When kids lead their learning amazing things happen. How is it that after 30 years of teaching I can lose sight of that? While I hate to put the blame on others, because the ultimate blame is all mine, I blame our educational system.
At the close of last year I wrote about how I lost my way. After working through the beginning of this school year which has been like no other I have experienced, I have come to realize that I did not lose my way. We, as an educational system, have lost our way.
This year began with my promise to myself that I would follow our curriculum tooth and nail. Nothing was going to get in the way of us staying on task per our curriculum calendar. There’s only one problem with this grand idea, the kids can get lost in the shuffle. When we follow the guiding belief that no matter what, we stay on target with our calendar, our kids lose something precious. An example of what they lose will become clear with this story.
The stresses this created both in my kids and myself can’t be underestimated or unexamined. For the first time in all my teaching career I put the blame on my class. “They aren’t coming together as a community. They don’t seem to care about each other or their work. They don’t demonstrate inner motivation to learn. They lack any semblance of self control.” The list of all this class “can’t do” goes on and on. But then something unexpected happened. The kids finally earned some free time. They chose to watch a movie and work on some posters they were makin. It was Friday, I was tired and I too needed some down time. What I didn’t realize was how much they needed it too. I worried that they would fall apart with the change in routine. So far every single little change in routine this year has caused them to fall apart. The lack of self control with this group is like nothing I’ve ever seen before. Sure, some kids each year struggle with it, but a whole class?
Not wanting to fall behind, I had planned to weave the movie between reading, writing, and math. I was greeted with many sincere,”That’s not what we want to do,” comments. Sensing a mutiny, I asked one boy, who is respectful, hard working, and who demonstrates enough self control for the entire class, what he would like. “We just want to have some fun. We don’t want to work today. Can’t we just do fun stuff like you said we would?” I found myself listening to his genuine plea. “Sure,” was all I could come up with. So I erased our daily schedule and let them help me build our day. Part of the day would be one young boy teaching his classmates how to make origami paper cranes. This boy is bright and curious but has demonstrated a total lack of self control all year. He has been one of my most challenging kids this year.
That’s when the magic started. As others got what they wanted on their desks for the movie, a black and white original Helen Keller movie, (Yes, you read that right! That’s the movie they wanted. And they LOVED it. Go figure.) this young boy set up his origami station. I watched as he demonstrated a focus like I have not witnessed this year. He cleared off the entire table, putting its contents exactly where they needed to go to be put away properly. He got the spray and wiped down the table. He got the origami paper, the name sticks, and a piece of paper and pencil. As his classmates watched the movie and worked on finishing up some posters they started the day before, he called them back to his table one at a time and successfully taught each one to a make a paper crane. He did that for over an hour, nonstop. He was kind. He was patient. He was encouraging. He smiled often. He taught kids who can barely write legibly to fold sophisticated paper cranes. Then when he was done he said he wanted to donate the cranes he made along side each child to the cause we are making them for. He said if he did this then each of them could keep their first crane. He felt that was important.

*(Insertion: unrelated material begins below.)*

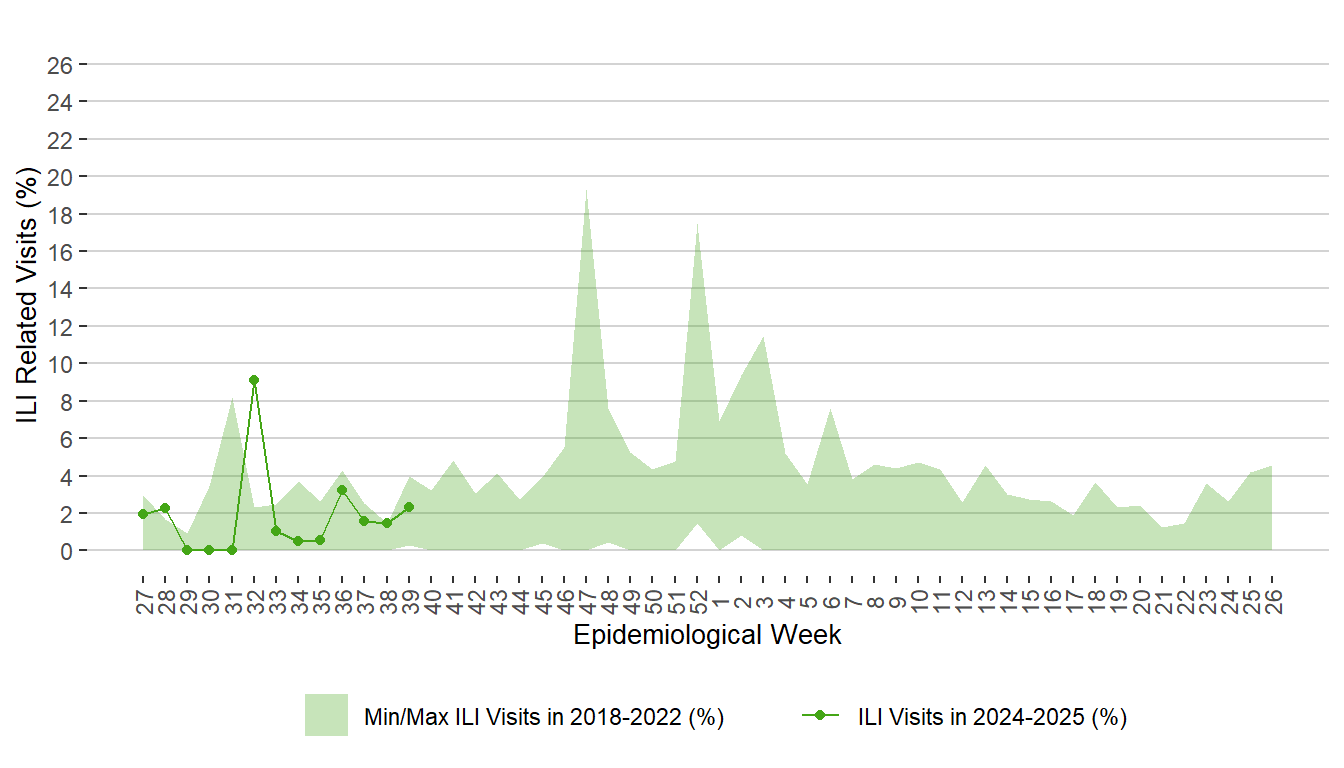 Figure 10. Weekly Percentage of ILI Related Visits to Sentinel Physicians, Manitoba, 2018 – September 28, 2024

I nearly cried at the beauty of what I witnessed and then nearly cried again as I realized all that I had taken from them this year by focusing on a rigid timeline and expectations. The problem was that I fell into the dreaded trap of teaching content and not teaching kids. How could I let myself fall into that? Fear. Fear of not having kids “perform” well enough on tests. Yes, I allowed myself to fall into that fear. Even with all my experience and conviction to never to do that, I did just that.
It is vital that we stop sometimes and allow our kids opportunities to shine in ways they want to shine. To give them opportunities to stop and get to know each other on levels that are different than through traditional academics. I have no doubts that the lack of community in my classroom falls squarely on my shoulders, not theirs. We will continue to find time for opportunities that encourage joy and creative expression. I will meet them where they are instead of insisting they jump to where I want them to be and slowly we will cross that gap together so each and every one of them remains spiritually intact.
As we approach our shortest day of the year and the many wonderful winter holidays, may you remember that teaching the whole child includes their soul. Break away from some of the strict demands our educational system puts on all of us at all levels of education and have some fun with your kids. Sew things, create things, sing, make cards for the less fortunate, laugh, show love, and drink some hot chocolate together.